Prop. 209's ban on racial preferences has helped Asian Americans by forcing
admissions officers to focus on such academic qualifications as high-school
grades and test scores.

Liberals argue that race-based admissions are necessary to increase black and
Hispanic representation, but minority enrollment has increased since 1996 at
the University of California. Hispanics now make up 28.1% of the UC system's
freshman class, up from 13.8% in 1996, while black enrollment has ticked up to
4% from 3.8%."

...the U.S. Supreme Court will soon rule on Michigan's Prop. 2, which is based
on Prop. 209, and liberals hope this will provide grounds for a new lawsuit to
overturn California's ban on racial preferences.

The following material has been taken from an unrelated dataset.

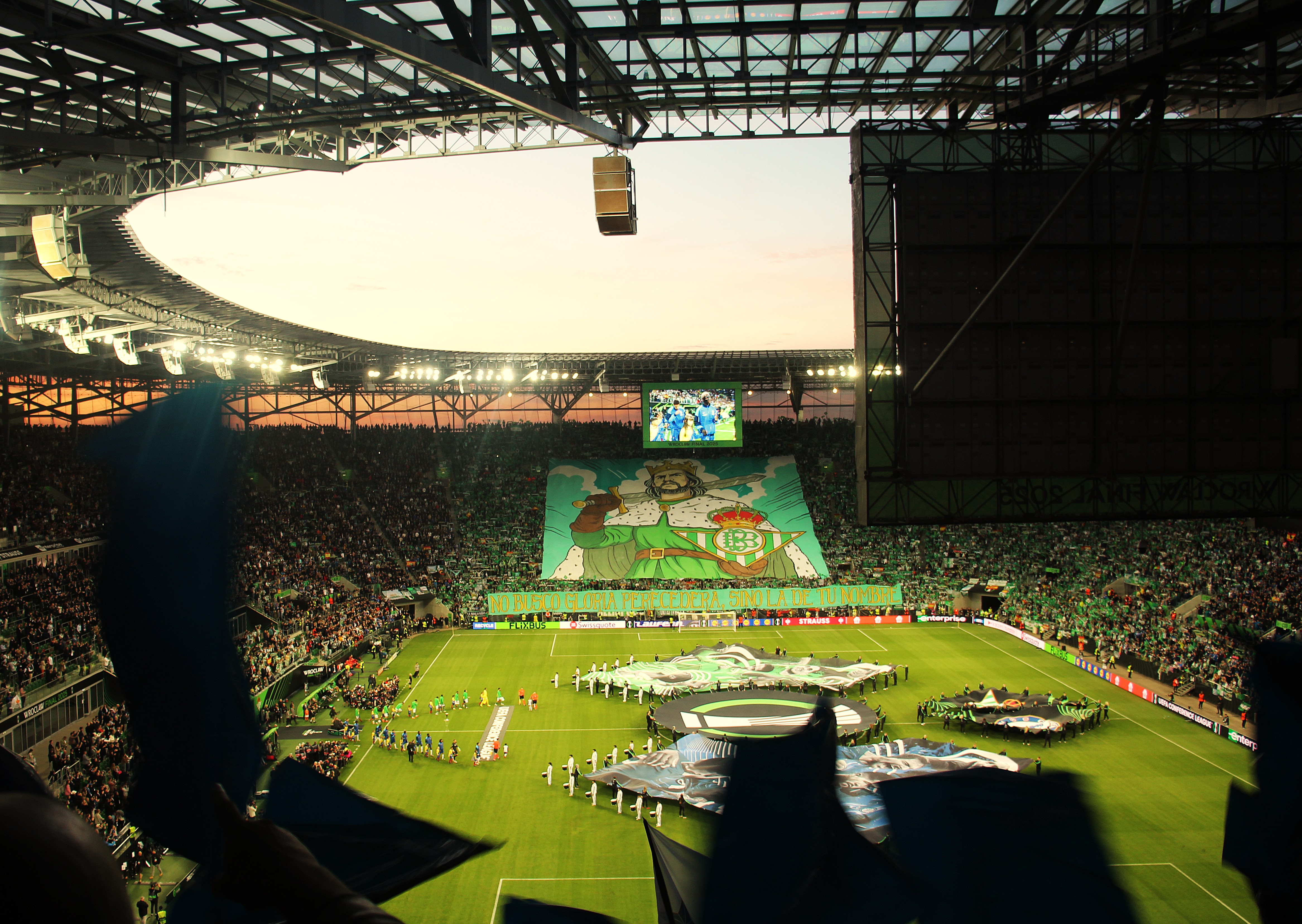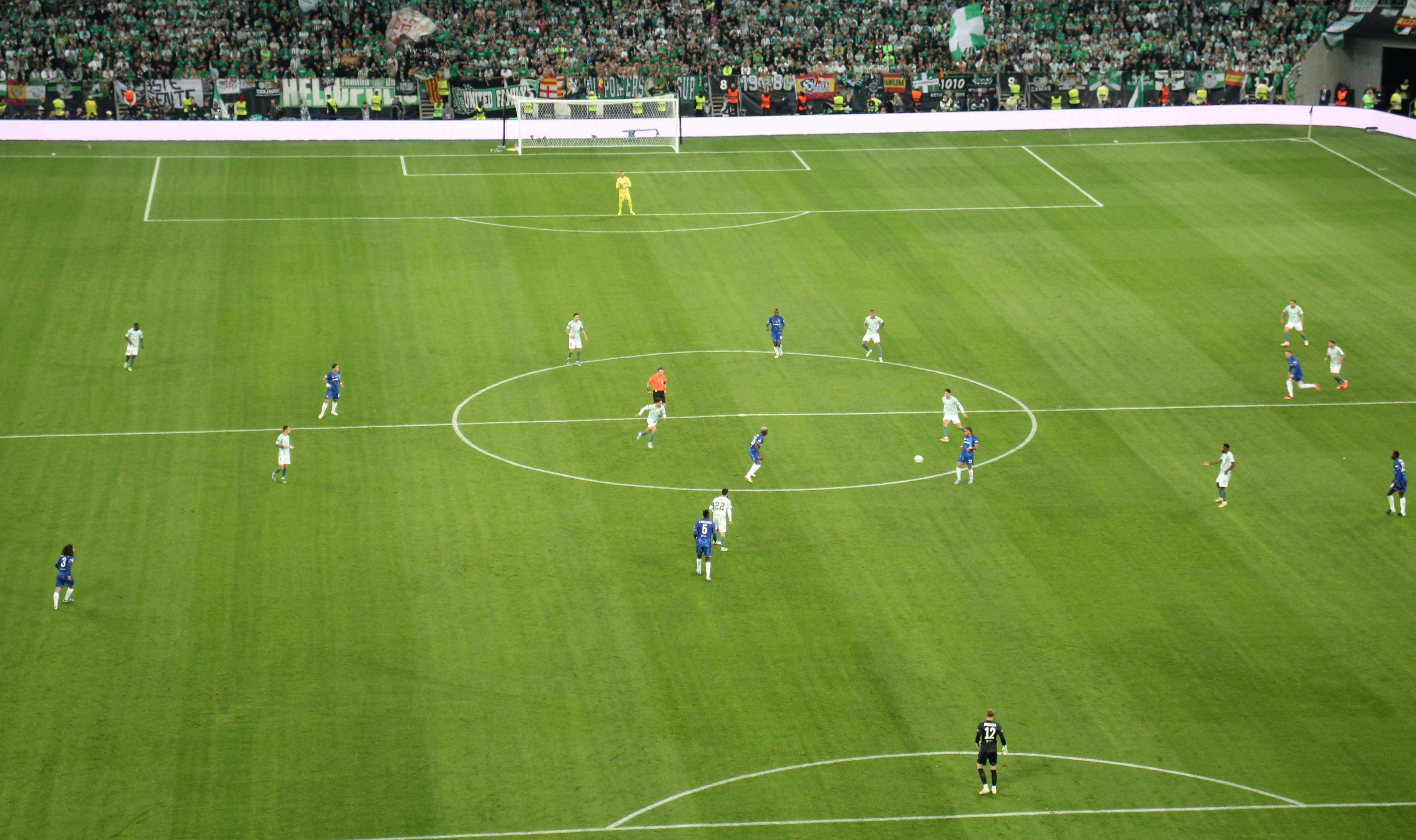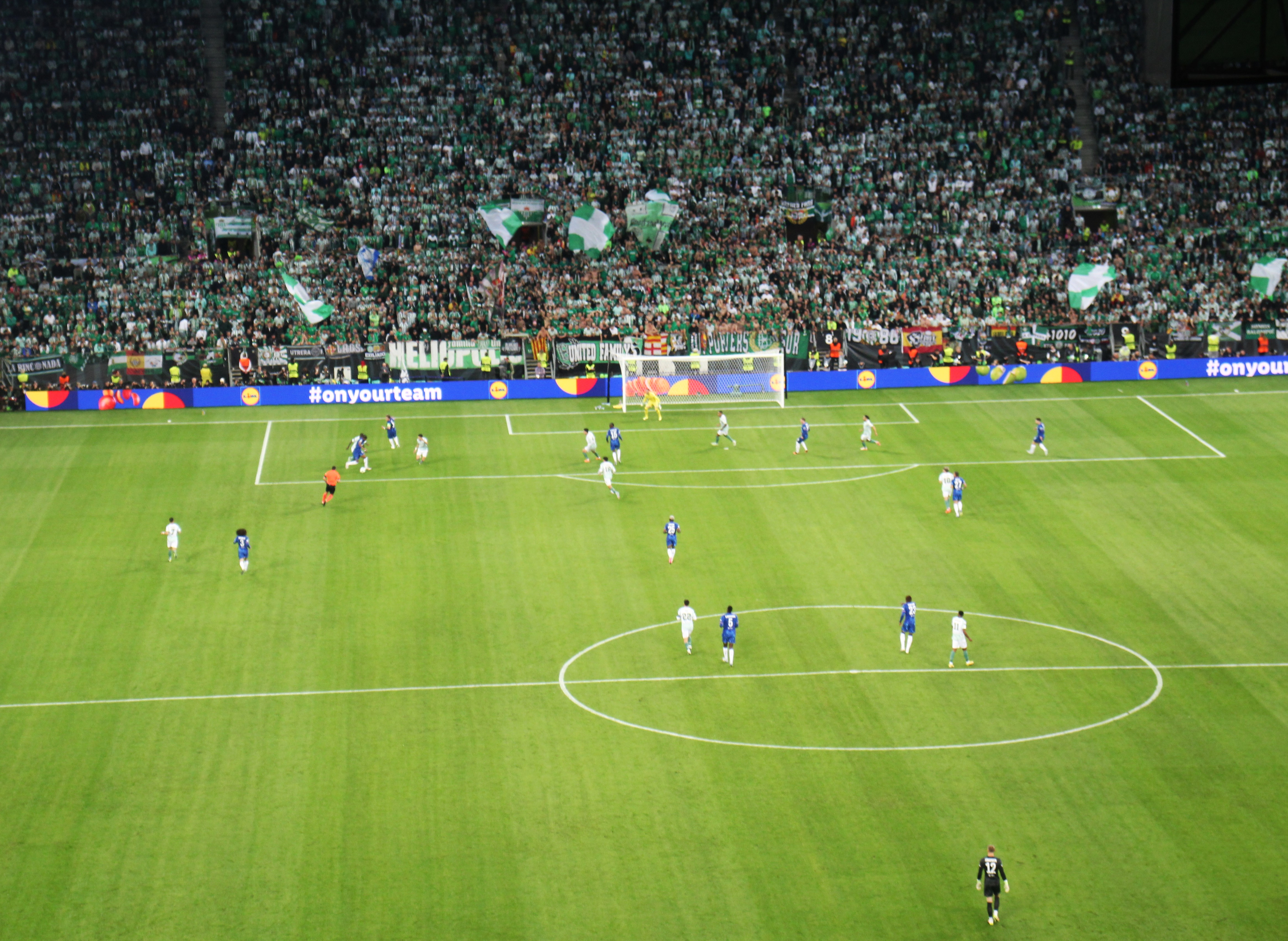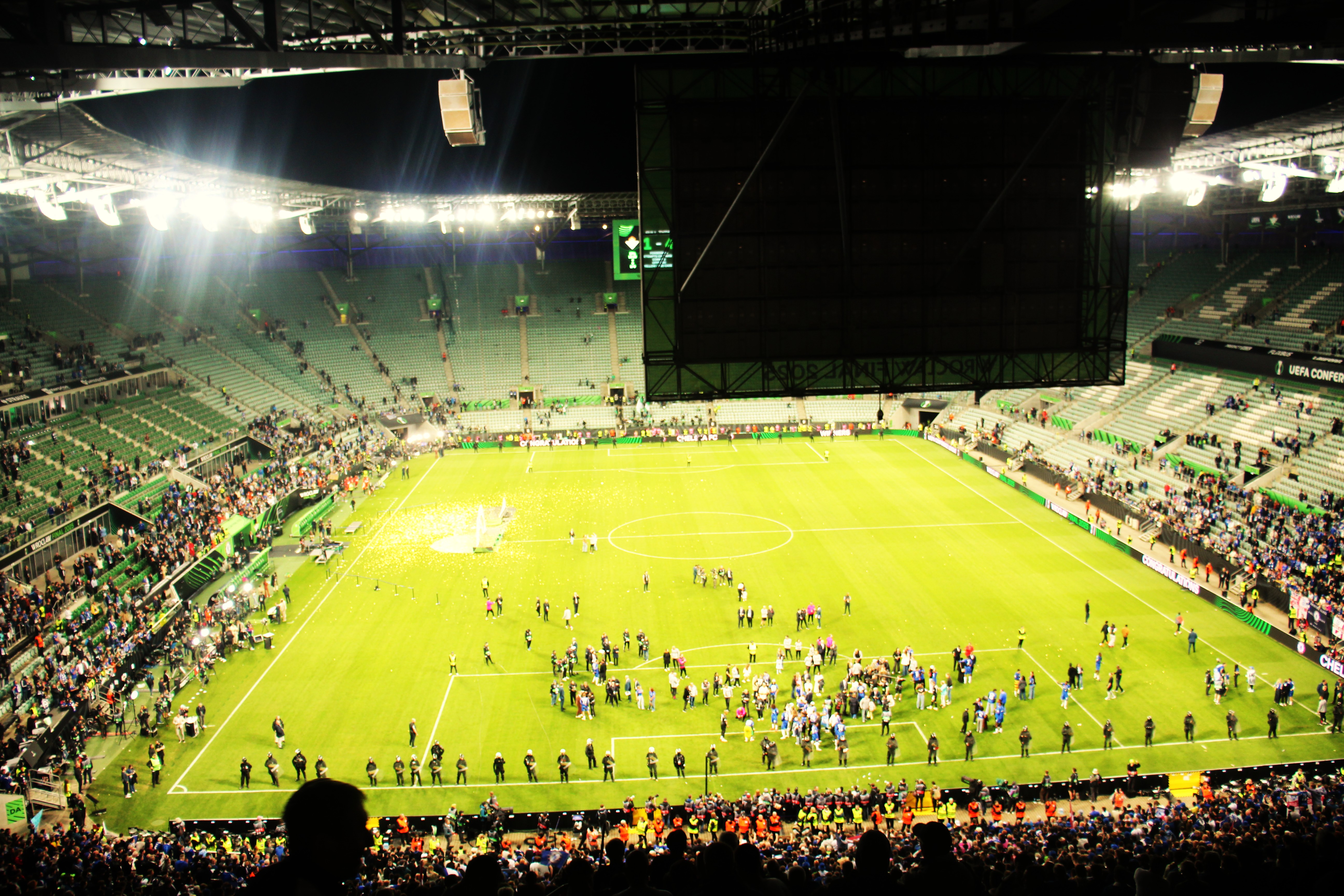 For a few moments, every spare inch of possible space within the stadium flashed LED lighting, urging support of the home team. The mundane grey interior of this old stadium metamorphosed into Times Square. It was quite an ordeal on the senses.

...Democratic Attorney General Kamala Harris and Governor Jerry Brown have
both argued for its repeal." _

------
MPetitt
The biggest thing that I feel like these initiatives always miss is that the
onus on fixing the problem of gender equality in tech shouldn't be on the
companies at this point in the game (not to say that won't change), but on
getting more women interested in tech in the first place. Overwhelmingly women
don't seem to care about the technology field. We need to focus less on
bending over backwards to find appropriate female candidates from such a small
pool, and focus more on what organizations like Girls who Code[0] who are
trying to get more young women interested in technology. Once there is
actually a sizable amount of women involved in the field, then maybe the
conversation over discrimination or lack of diversity may be worth having. But
until then I cant just make female engineers poof into the interview room like
magic and thats not for lack of trying.

[0] [http://girlswhocode.com/](http://girlswhocode.com/)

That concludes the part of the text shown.